In the beginning, Corrigan's mom takes home guy who plays Super-Man. Already, we have the concept of the fallen hero. In these scenes, we see a sleazy "Super-Man" successfully picking up Jimmy's mother. This guy uses the Jimmy as his pick up line and later sneaks out of the house after sleeping with the mother. He's deceived his mother and successfully deceived Jimmy. With how overbearing Jimmy's mother is, one can only imagine what kind of retaliation or projections of a deceitful "Super-Man" Jimmy had to endure, particularly when she finds Jimmy wearing the Super-Man mask. A gender conflict must take place at this point -- Jimmy's mother is raising her son, without contact with the father. Jimmy, through out the novel, is demasculinized by his mother. She treats him like a child -- it's impossible to be a man if you're being projected as a child at age 35.


Jimmy Corrigan's life is trite. In some ways this could be contributed to the rise of consumer societies. See the movie "Fight Club" a good example of what I'm taking about. Men no longer function as males... or their function has drastically changed within the past hundred years. Men are machines, now, in a corporate cog. Jimmy's mother raising him alone is a sign that it's no longer necessary to have a father figure to raise a child -- almost signifying the obsolescence of men. Which, I think ties into the prevalence of misogyny in the graphic novel. By men longer being the archetype male (ceasing to exist as males), which would includes treating women with respect, women are in turn treated with disrespect. A break down of gender roles (as unfair as they are to women), seems to be fragmenting men and women (at least in the context of this novel).

When "Super-Man" takes a leap, it's a symbol for the realization and a confirmation of Jimmy's failure to be a man -- it's the fall of childhood. The fall of the father figure: Through out the entire graphic novel, each male in Jimmy's lineage fails to raise their son; resulting in passive males (the fall of the capacity of manhood). With the leap of suicide of "Super-Man", begins the novel. However, Jimmy is a neutral figure -- far too passive to do anything, so he doesn't. The only interesting point in the novel is what's going to happen after the end, when he meets that girl.

1 comment:

Adam Johns said...

You'll probably be interested to know that I have, in the past, taught Jimmy Corrigan after Don Quixote, which is the definitive account of the end of heroism and chivalry, and the beginning of the modern novel. It performs on the superhero comic the same kind of complex, nostalgic evisceration that Don Quixote performs on the chivalric romance.

I'm very interested in your analysis of gender in the book; this is a good explanation of the role of misogyny throughout, although it's also worth noting that Jimmy's grandfather was raised without a _mother_. Hopefully we'll get a chance to connect this material to Jimmy's fantasy about building a cabin in the post-apocalyptic wilderness with Amy at his side.

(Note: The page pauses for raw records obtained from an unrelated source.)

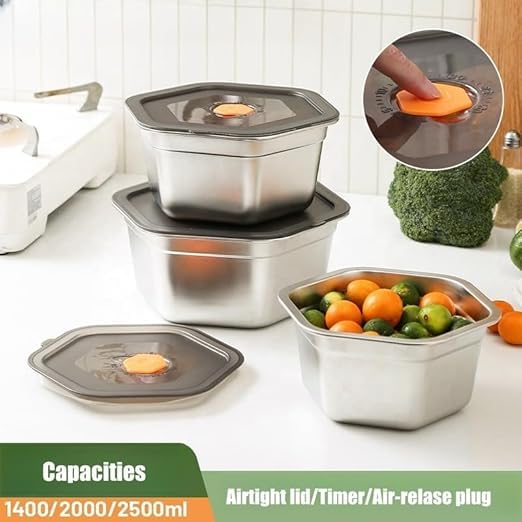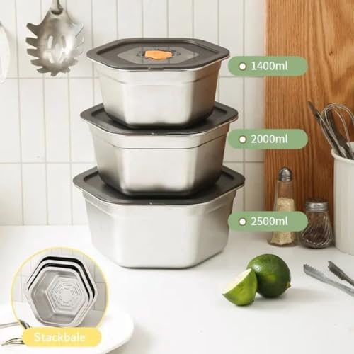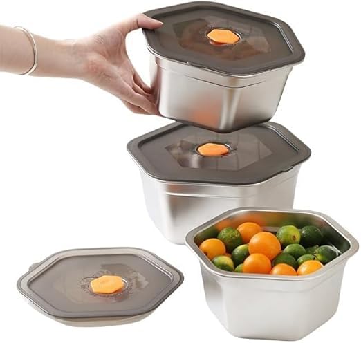 Generic - مجموعة حاويات طعام مع اغطية محكمة الغلق، 3 قطع صندوق حفظ متعدد الاغراض، حاوية تخزين من الستانلس ستيل للتجميد والتسخين، مانعة للتسرب، سهلة التنظيف
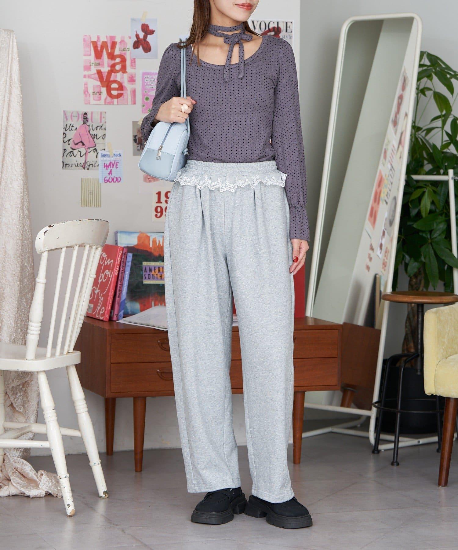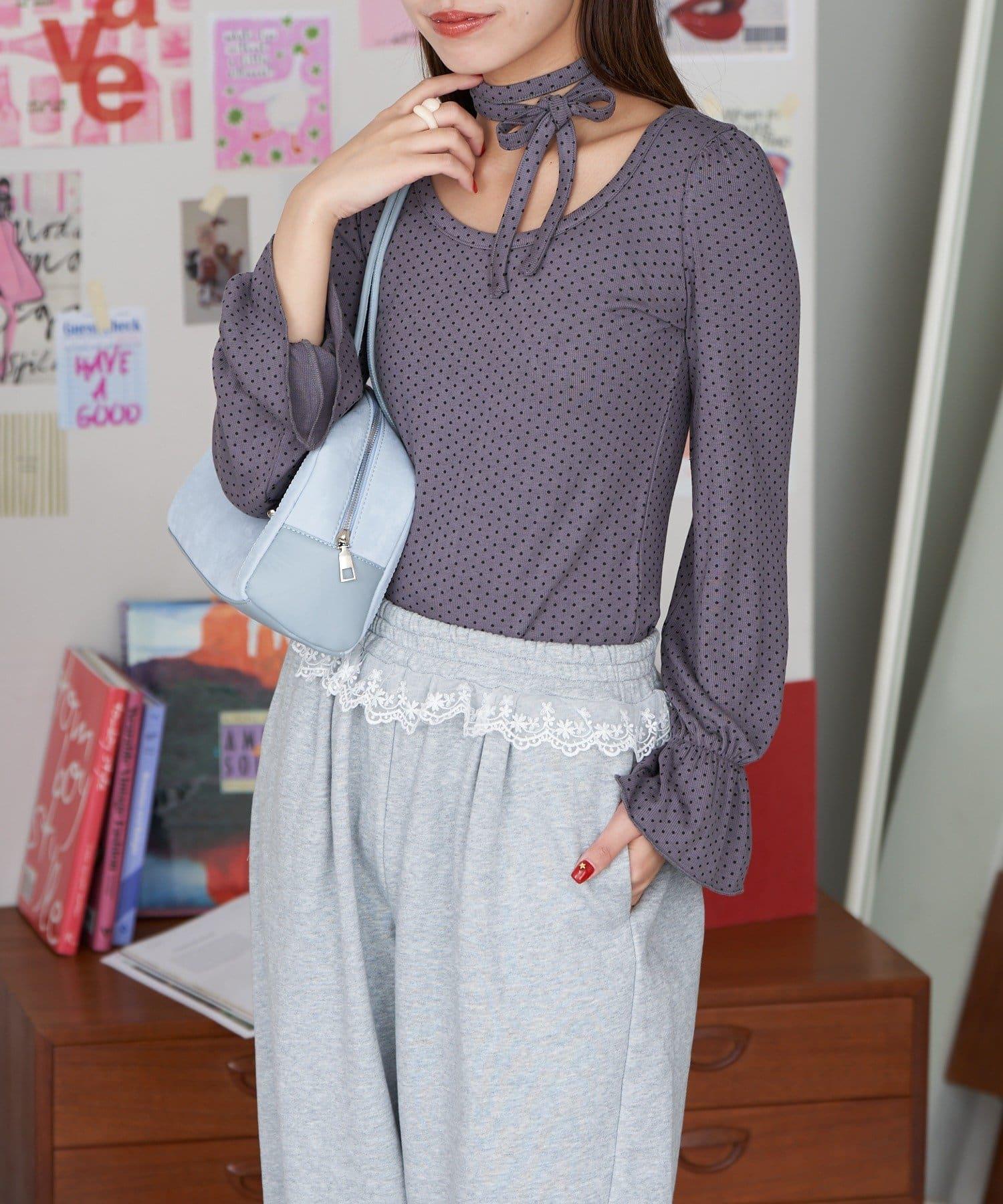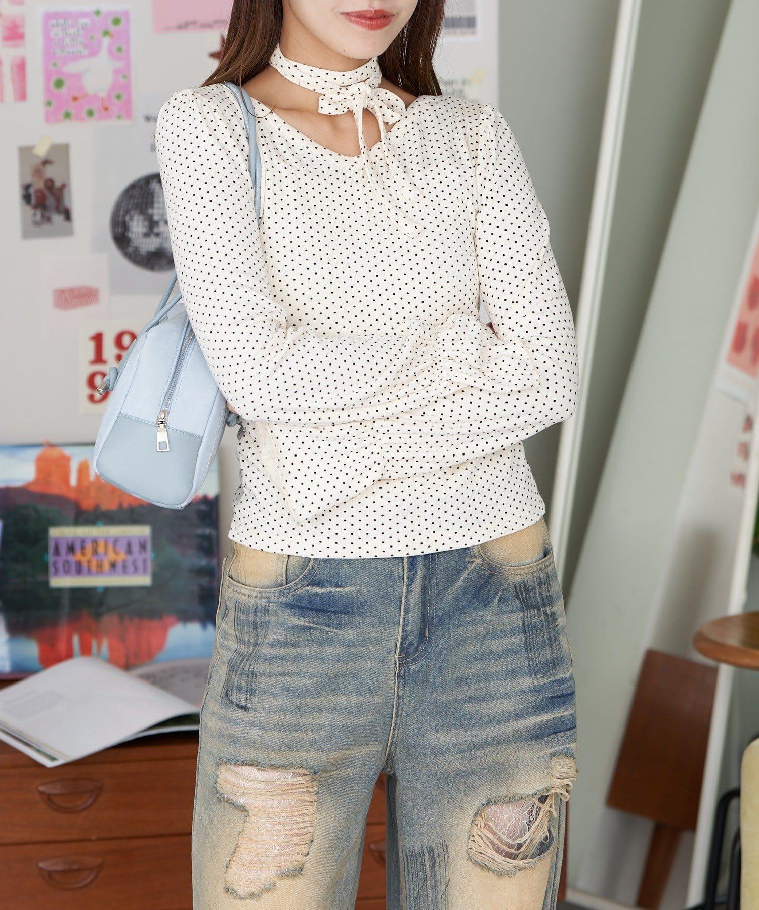略寬的領口帶來寬鬆感,蓬鬆的肩線和圓點圖案給人少女印象。
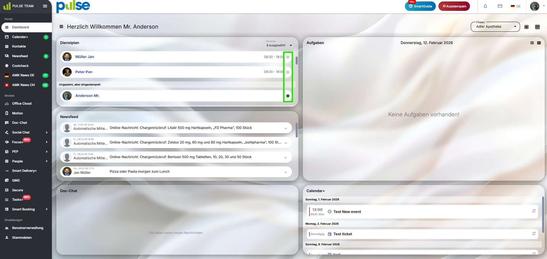 Sie können den Status Ihrer Mitarbeitenden direkt am grünen Symbol in der Dienstplan-Kachel erkennen. Ein grünes Kreis-Symbol zeigt an, dass der Mitarbeiter bereits eingestempelt ist und somit seine Arbeitszeit begonnen hat.
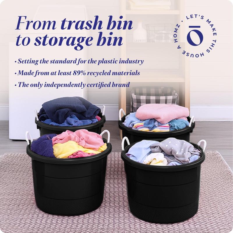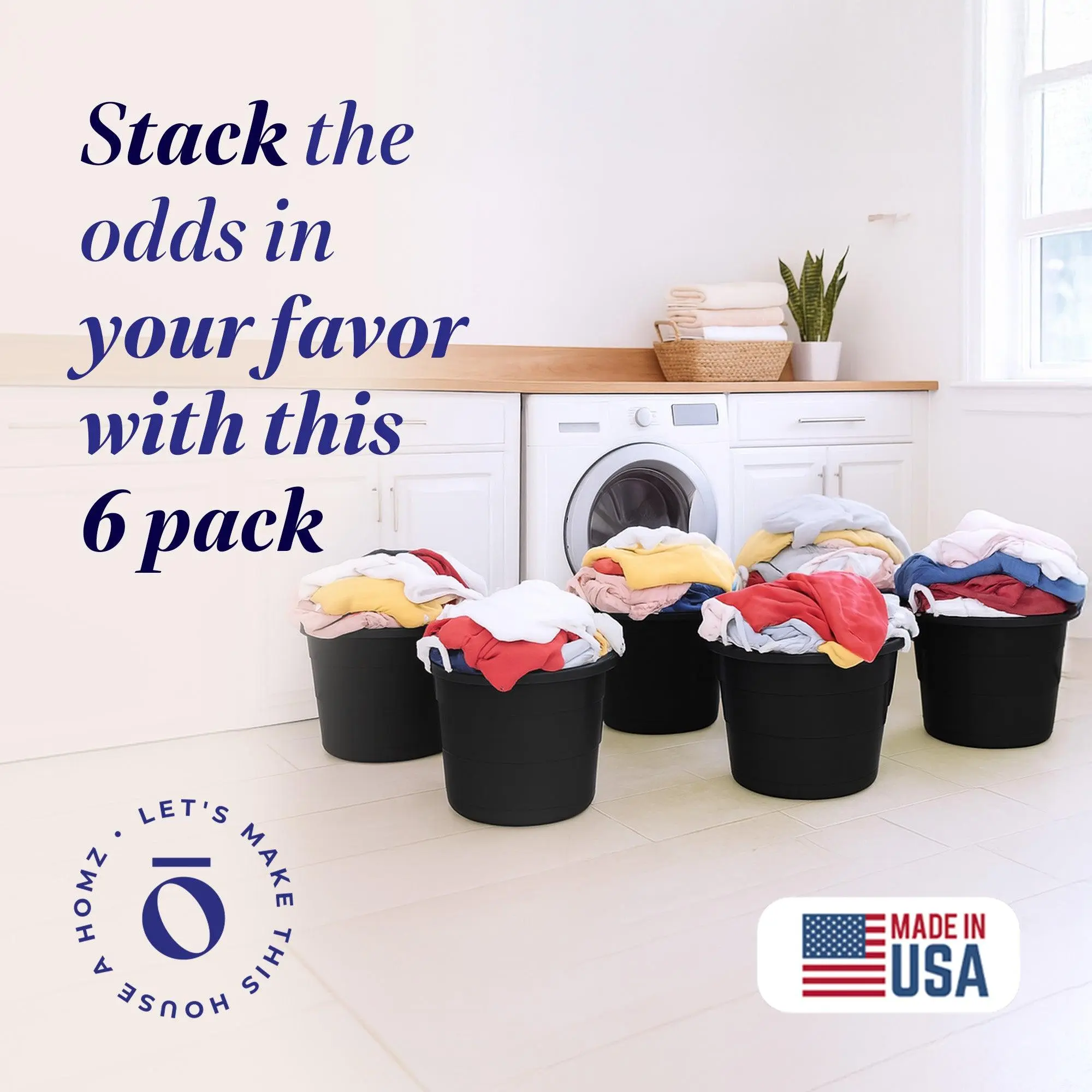 When you want a versatile storage container for around the house, look to the 2 pack of Homz 18-Gallon Plastic Utility Tub 6-Pack. These plastic storage tubs are great for storing items around the house and garage, as well as for indoor and outdoor storage.Stash toys inside the plastic tubs or use them as a laundry basket. You can even use this large plastic tub as an ice cooler for outdoor parties and get-togethers. With 18 gallons of space inside, you can use each storage container for just about anything. Overall, the plastic storage buckets measure 21.5 inches in diameter and 16.5 inches tall.The durable plastic makes these storage buckets great for indoor and outdoor use season after season. Easily carry the buckets around with the comforting nylon rope handles. When you're not using the storage bucket, you can nest other buckets inside for compact, efficient storage.Keep items neatly stored anywhere and enjoy a more organized household with the 2 pack of 18-Gallon Plastic Utility Tubs 6-Pack from Homz.
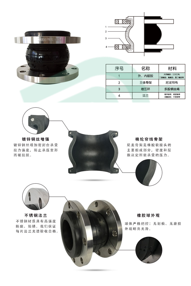 橡膠軟接頭一般由內(nèi)膠層、織物增強層(簾子布)、中膠層、外膠層、端部加固金屬環(huán)或鋼絲圈,經(jīng)高溫、高壓硫化成型后,與金屬法蘭或平行接頭松套組合而成的復合橡膠管,其使用壽命取決于簾子布的質(zhì)量。
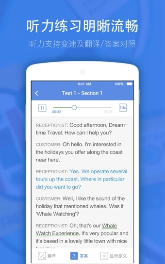 剑桥雅思5—10听力,精听精练,还有听力翻译和听力变速功能,给你最流畅的做题体验~
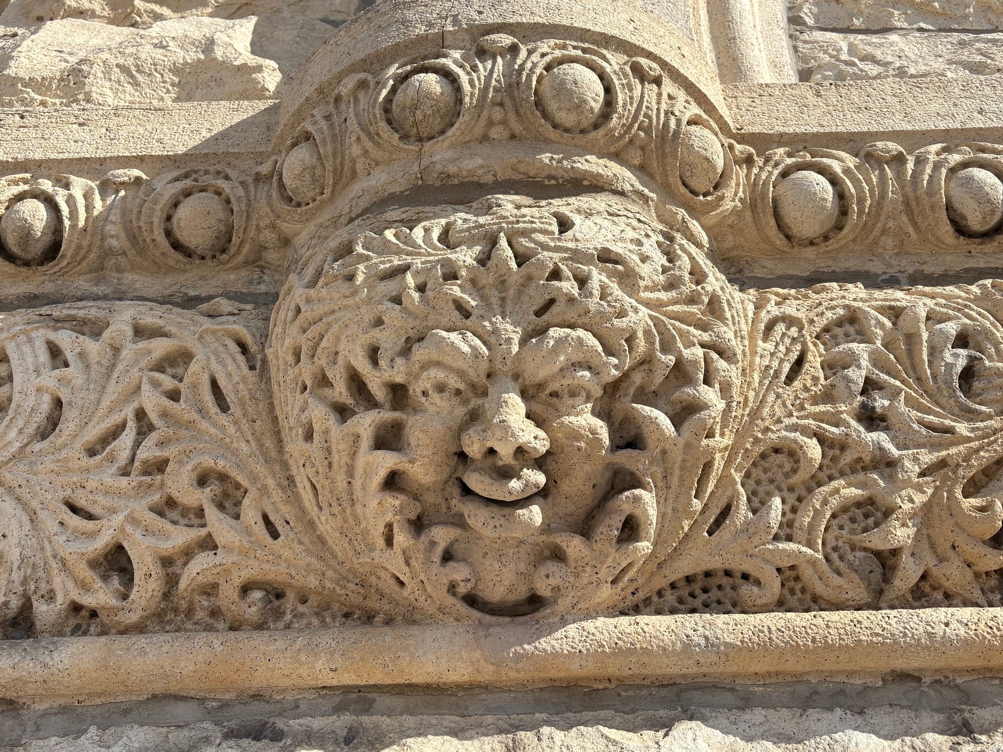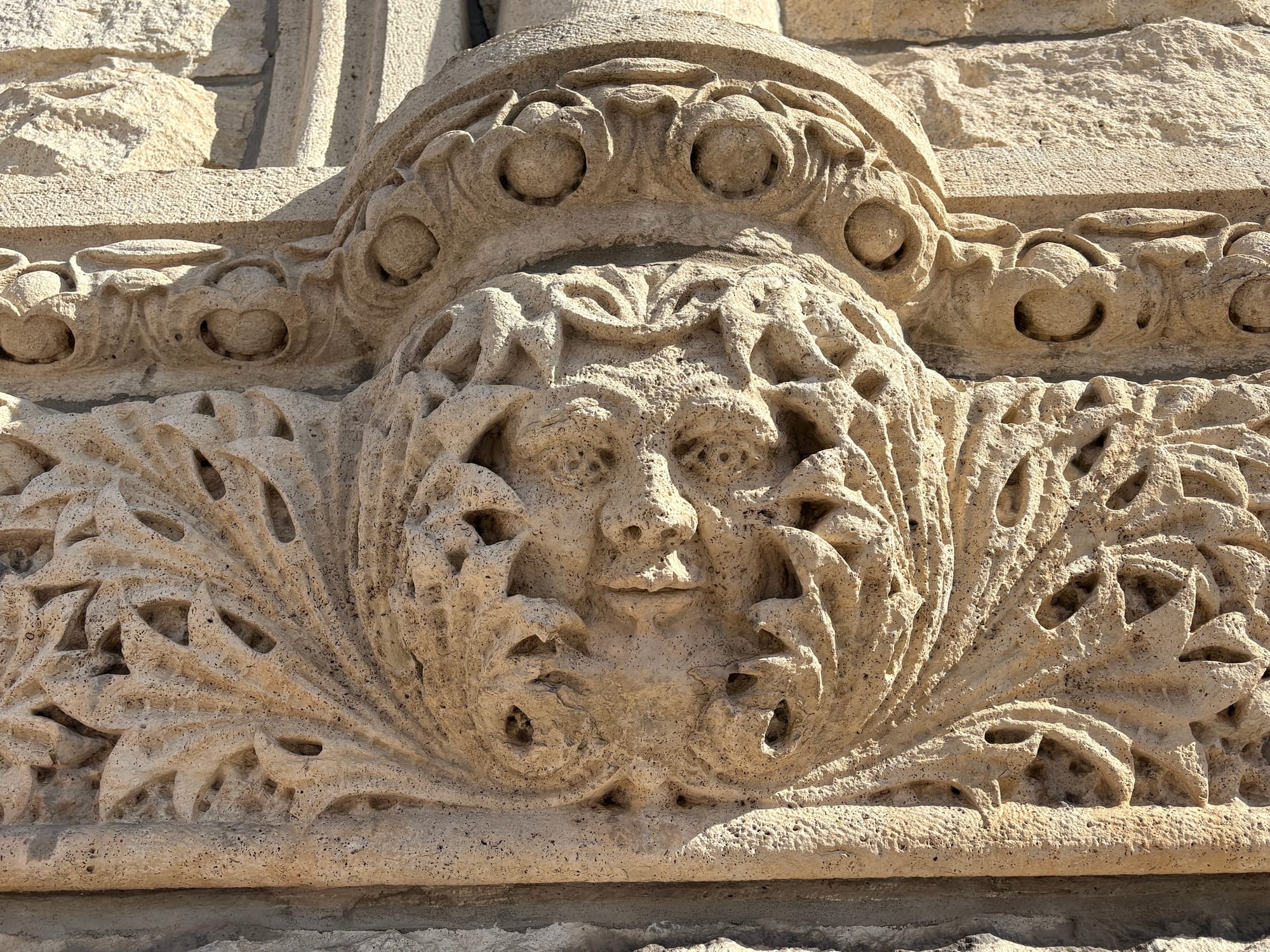 If you look halfway up towards the top of the building, on its east side, you may notice a fifth face carved from limestone peeking out. It has engorged cheeks, a prominent nose, and an expression that lacks amusement, in contrast to the faces of the rest of its family.
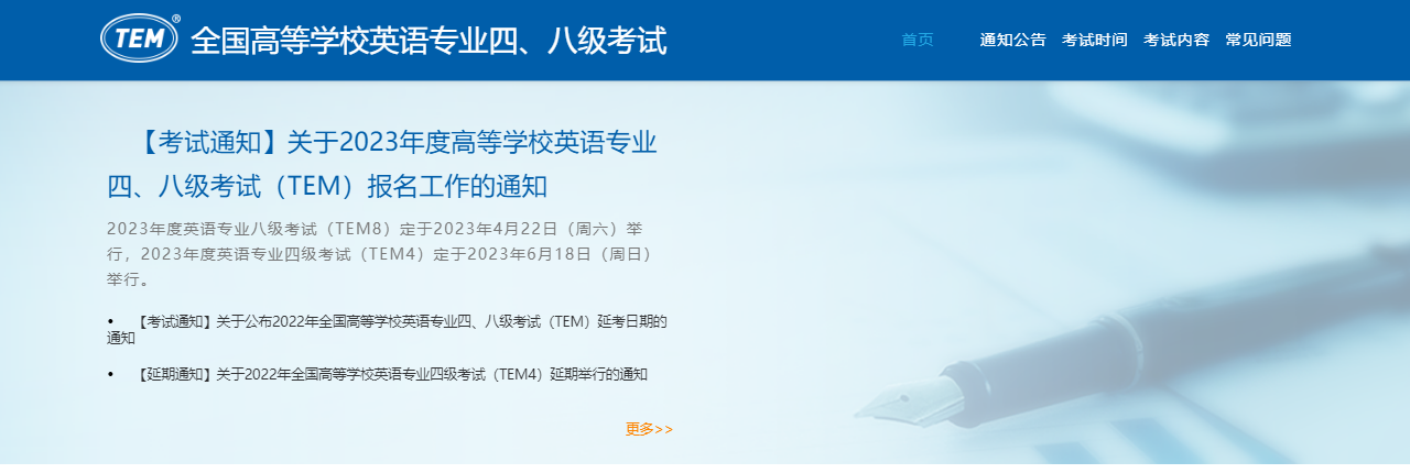 TEM兩個(gè)科目的考試每年各開(kāi)考一次,其中TEM4的考試時(shí)間一般為每年六月底前,TEM8的考試時(shí)間一般為每年四月底前,每次考試具體時(shí)間以考試前下發(fā)的正式文件為準(zhǔn)。
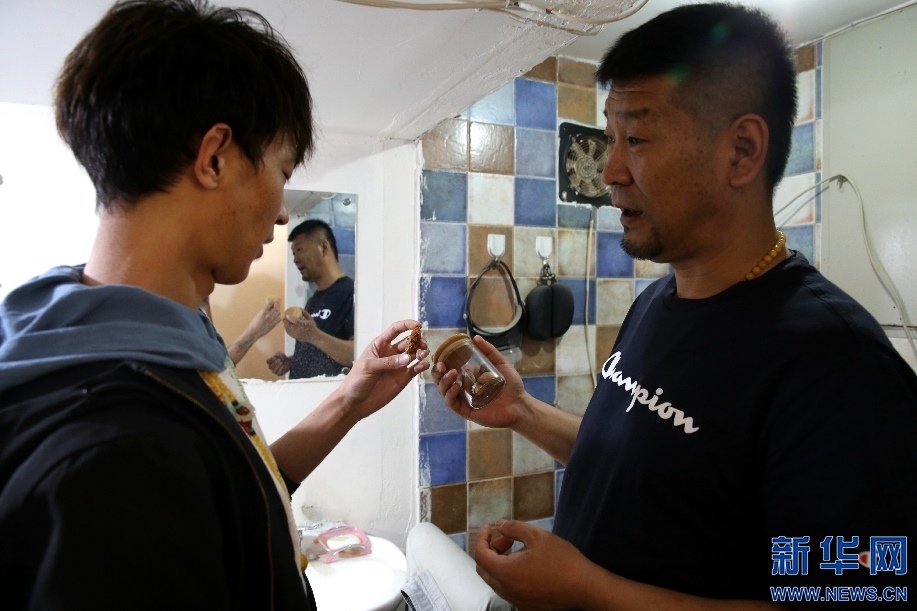 慕名而來的微雕愛好者與楊磊交流。新華網 楊騰格爾攝 -
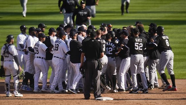 Dugouts cleared after Chicago slugger José Abreu and Tigers shortstop Niko Goodrum exchanged words when Abreu was tagged out attempting to steal second. The dustup occurred after Abreu was hit by a pitch for the 21st time this season.
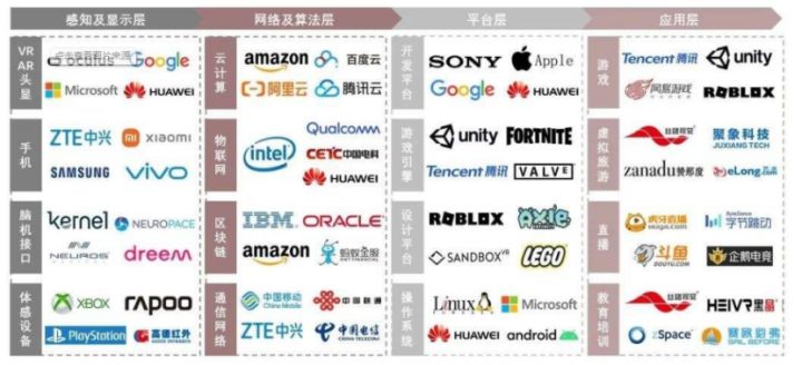 参照目前的技术水平,在元界的八大特性中,“身份”和“社交”在部分高端3A大作中已经实现; “沉浸式”和“低延迟”随着交互技术和5G的发展而发展起来。应用已达到入门级; “多元化”、“无处不在”、“经济”、“文明”的实现需要多项核心技术来构建元界的底层技术框架,
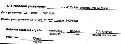 социальные льготы; дополнительные сведения; основание увольнения.
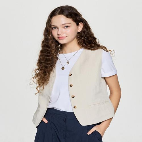 여성 썸머 아우터 원버튼 베스트 봄 골지 린넨 WFLMY9P
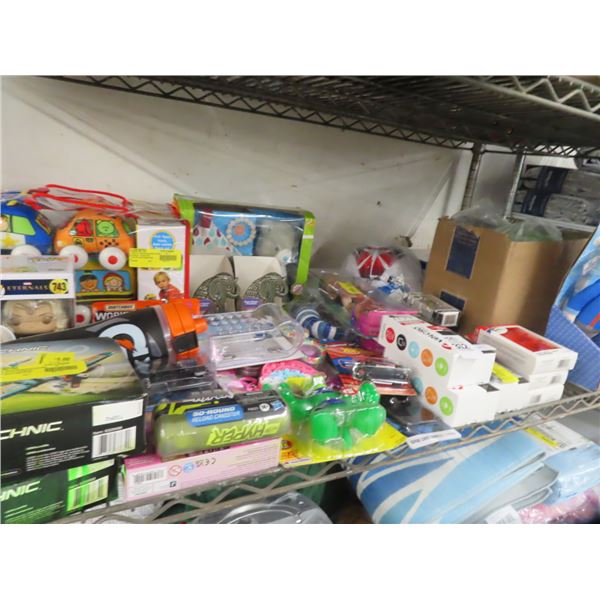 Shelf of Asst. Toys, Gatorade Bottle, Grill Tongs, Fishing Hooks and More
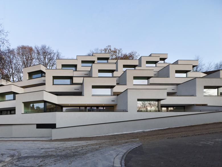 Das Projekt Plateaux de Berne bildet eine topografisch inspirierte Architektur, welche die Besonderheiten des Ortes widerspiegelt. In seiner spezifischen Architektursprache definiert das Gebäude wahrnehmbar den Ortsrand von Ostermundigen, am Übergang von der Ebene zur hügligen Erhebung. Die Materialisierung in hellem, rauem, sandsteinfarbenem Putz verleiht der Anlage eine tektonische Wirkung und steht dadurch in komplementärer Ergänzung zum Abbau des Baumaterials in der ehemaligen Steingrube. Die terrassenartige Anordnung der Wohneinheiten erzeugt ein hochwertiges Wohnen mit starken aussenräumlichen Qualitäten, Beziehungen zur Aussicht und Einbezug des Naherholungsraums am Hang. So schmiegt sich die Villengruppe einerseits entlang der Höhenkurven des Geländes an und schafft anderseits einen räumlichen Dialog mit dem nordöstlichen angrenzenden Waldrand.
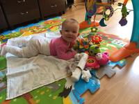 Dobre ráno,tak naše Adrianka ma 5,měsíců. Měli jsme problém s leženim na bříšku páč naše beruška spěchala zvedala se i na loktech, ale ručičky moc blizko a přepadávala a vubec ji to nebavilo.zacala jsme chodit na rehabilitaci a hodne se zlepšilo, doporučení bylo ji na bříšku motivovat.jenze všechno ji brzo omrzelo.asi před třemi týdny se nam sama zacala otáčet na bok a za par dni už rovnoi na bříško a od te doby ji jinak nenajdu nez na bříšku.a stal se z ni pěkný divoch,ráno dokáže 2 hodiny povidat a hrát si s chrastitky.hraje si na dece co mame na zemi jenze ji vadi ze se deka shrnuje a klouže. Hracky potřebuje stale nové, je hodne zvědavá.vzdycky ma radost z noveho a úžasné si povídá s hračkami. Směje se vlastně pořád. Hrací deka by ji udelala velkou radost. Navic by si mohla pěkně hrát na zemi aniž by ji to klouzalo.

It's interesting that, for someone who hates Haraway, you're focusing on the feminized workforce which fascinates her so much.

Ideally, I would have liked more of an analysis of the details of images here, as well as of plotline; take, for instance, the fact that the suicidal superman is both utterly dwarfed by the building, yet stands out in vivid contrast to it: romanticism in a nutshell.